Some saw it coming. In 2018, Cyrus Younessi, an analyst at crypto investment firm Scalar Capital, saw UST’s white paper and immediately warned his boss. The algorithm pegging Kwon’s stablecoin to the greenback, Younessi said, could one day fail and cause a “death spiral” if Terra’s ecosystem was drained of capital too quickly.
Younessi wasn’t alone. A small chorus in the industry warned of Terra’s danger and instability, including Charles Cascarilla, CEO of stablecoin issuer Paxos, which publishes monthly attestations that its Paxos dollar is backed 1:1 with fiat reserves and debt instruments, and Kevin Zhou, co-founder of crypto trading fund Galois Capital.
Kwon, 30, dismissed their concerns with more trash talk.
But now, even Kwon has to concede that Younessi, Cascarilla, and Zhou were right all along. After all, he drove the final nail in UST’s coffin himself.
Hubris is commonly thought of as excessive pride, although that’s not how Aristotle used it: “Hubris consists in doing and saying things that cause shame to the victim … simply for the pleasure of it.
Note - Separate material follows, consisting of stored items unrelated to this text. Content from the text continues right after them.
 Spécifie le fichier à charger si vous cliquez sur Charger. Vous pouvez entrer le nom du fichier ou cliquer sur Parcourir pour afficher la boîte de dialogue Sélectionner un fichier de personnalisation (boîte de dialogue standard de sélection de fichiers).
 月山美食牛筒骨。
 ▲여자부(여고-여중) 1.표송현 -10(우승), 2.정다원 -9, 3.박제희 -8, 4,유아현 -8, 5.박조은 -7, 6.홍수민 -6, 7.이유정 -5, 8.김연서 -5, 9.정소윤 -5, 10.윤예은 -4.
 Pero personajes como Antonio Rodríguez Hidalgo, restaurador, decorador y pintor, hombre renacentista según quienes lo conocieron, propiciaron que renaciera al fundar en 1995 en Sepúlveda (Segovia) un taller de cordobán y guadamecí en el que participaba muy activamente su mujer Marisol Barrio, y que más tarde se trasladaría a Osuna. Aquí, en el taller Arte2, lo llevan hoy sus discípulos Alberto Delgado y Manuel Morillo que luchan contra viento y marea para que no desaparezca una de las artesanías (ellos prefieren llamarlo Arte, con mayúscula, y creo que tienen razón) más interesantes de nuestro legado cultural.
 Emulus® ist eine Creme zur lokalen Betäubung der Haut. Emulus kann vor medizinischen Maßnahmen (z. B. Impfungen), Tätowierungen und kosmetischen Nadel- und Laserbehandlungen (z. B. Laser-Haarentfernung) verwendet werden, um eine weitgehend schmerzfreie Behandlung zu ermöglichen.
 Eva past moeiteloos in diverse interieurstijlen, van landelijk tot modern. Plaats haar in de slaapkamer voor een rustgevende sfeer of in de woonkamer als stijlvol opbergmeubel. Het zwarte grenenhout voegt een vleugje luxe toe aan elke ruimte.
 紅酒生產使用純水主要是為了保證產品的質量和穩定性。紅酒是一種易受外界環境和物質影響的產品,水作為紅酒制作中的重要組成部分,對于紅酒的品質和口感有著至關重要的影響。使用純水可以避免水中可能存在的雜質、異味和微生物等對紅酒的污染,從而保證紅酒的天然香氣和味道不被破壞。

Young men and the rich are hubristic because they think they are better than other people.”
Two millennia later, Aristotle may be a pile of bones, but his words paint a living portrait of Kwon, the CEO who not only believed he was too smart and too popular to fail, but who publicly threatened competitors and confessed his joy in watching others fail.
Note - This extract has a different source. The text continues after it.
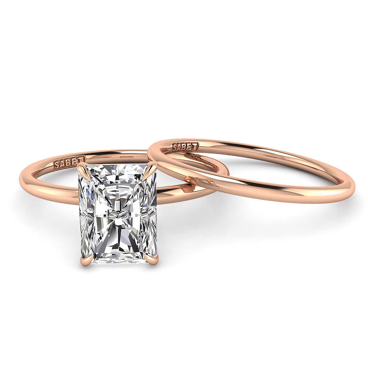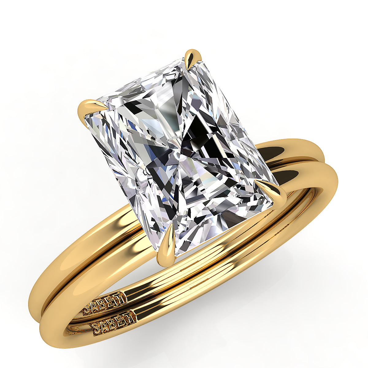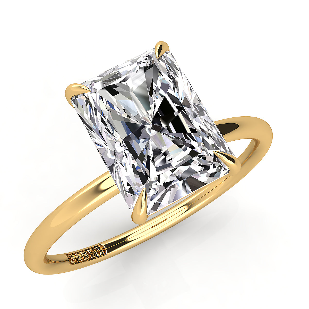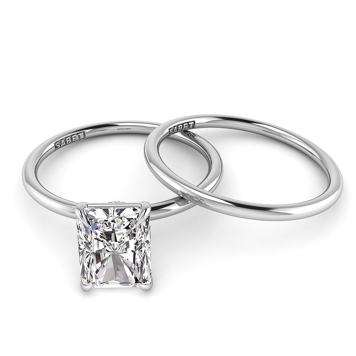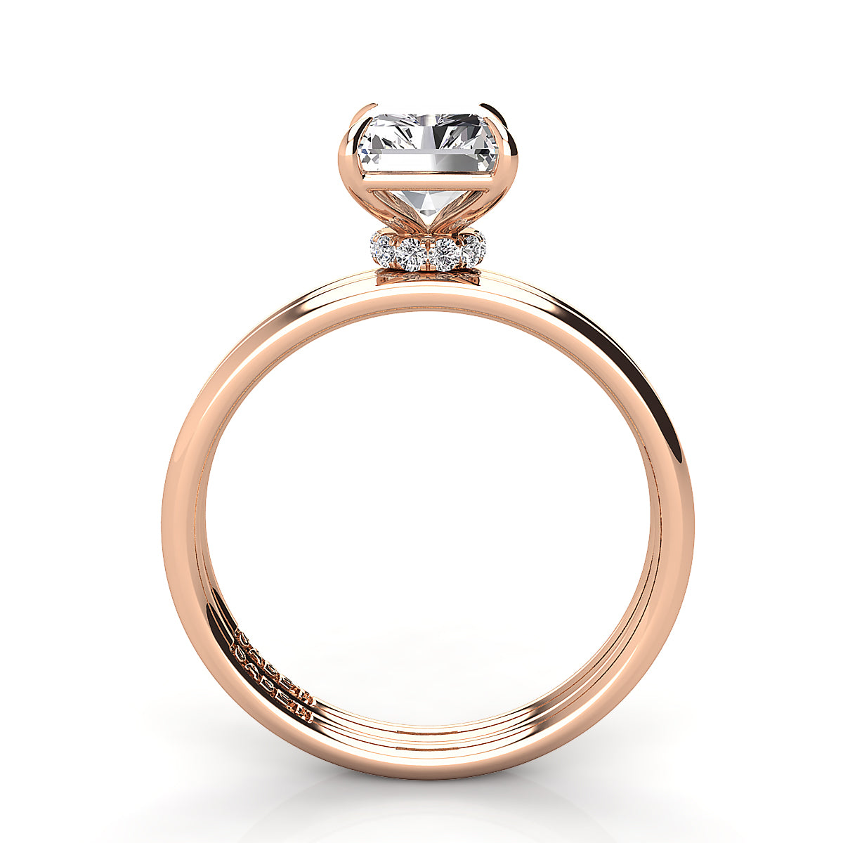 Radiant cut engagement ring featuring a dazzling diamond belt and elegant pave setting. This stunning ring showcases brilliant diamonds set along the band, enhancing the beauty of the radiant center stone. Perfect for those seeking a luxurious and timeless engagement ring with extra sparkle and sophistication. Ideal choice for a modern yet classic diamond engagement ring.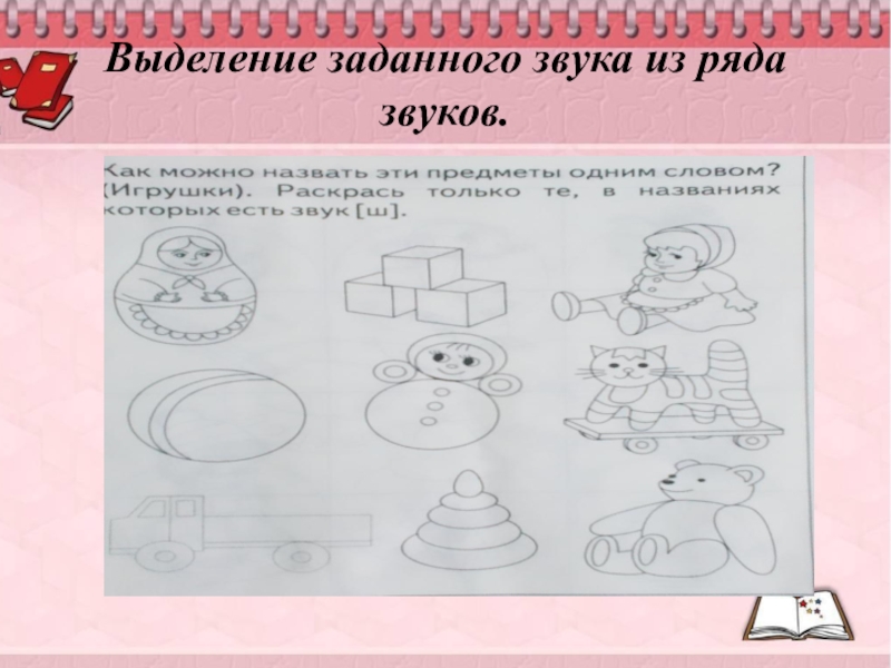 2. Фонематическое восприятие- умение различать близкие по звучанию звуки, выделять последовательно звуки в словах, определять место звука в слове.

Do Kwon: “95% are going to die [coins], but there’s also entertainment in watching companies die too”
His own failure has given the industry more than a lesson on how not to create an algorithmic stablecoin: It’s a sobering reminder of the cult of personality that enables people like Donald Trump and El Salvador President Nayib Bukele to silence critics with the force of their ego, not the soundness of their arguments.
Kwon’s promise was up there with MAGA: He was going to make Terra “the largest decentralized money in crypto, period.” As long as he gave his LUNAtics reasons to believe in him, aka profits, he didn’t need to answer to anyone.
Then came May 9, 2022, when UST fell 20 cents below its peg.
Terra’s collapse brought to light how little we knew about Kwon beyond his LinkedIn and Twitter profiles. He graduated from Stanford in 2015 after studying computer science, and briefly worked at Microsoft and Apple before forming Terra.
Two days after UST’s plummet began, CoinDesk allegedly doxxed Kwon as the “Rick”—a reference to half of the cartoon duo in “Rick and Morty”—behind another failed algorithmic stablecoin project called Basis Cash (BAC), which slipped its dollar peg for good early last year. BAC is now worth a fraction of a penny.
Still, Kwon appears steadfast. After two days of Twitter silence last week, he finally took the heat for UST’s historic failure. What’s more, he appears to have risen to the task of rebuilding Terra. On Monday, he proposed to fork LUNA’s blockchain and rename the current chain Terra Classic, with the new chain wiped of UST.
Kwon’s proposal was met with near-unanimous disapproval in a preliminary vote on Terra’s community forum. Many would prefer Kwon listen to Changpeng Zhao’s suggestion to buy and burn most of LUNA’s hyperinflated circulating supply of 6.5 trillion tokens. Kwon knows what the community wants, but he’s arguing against it. This time, he’s engaging in critical and constructive conversations with his critics, instead of just dismissing them outright.
He also has very real heat on him. All manner of accusations have been hurled at him by angry investors and restless Twitter users, including allegations of fraud and insider trading. Local Korean sources have said he may have evaded taxes, although this weekend he appeared to dismiss those rumors, saying he’s fully settled up with the Korean government.
The crypto community will be sorting fact from FUD in the weeks—months?—to come, but Kwon isn’t going anywhere, which means that, solvent or not, Terra remains on everyone’s radar. Kwon’s charming hubris and digital fool’s gold may have been an intoxicating vision for his flatterers, but that tap ran dry, and the room has sobered up. At least for now.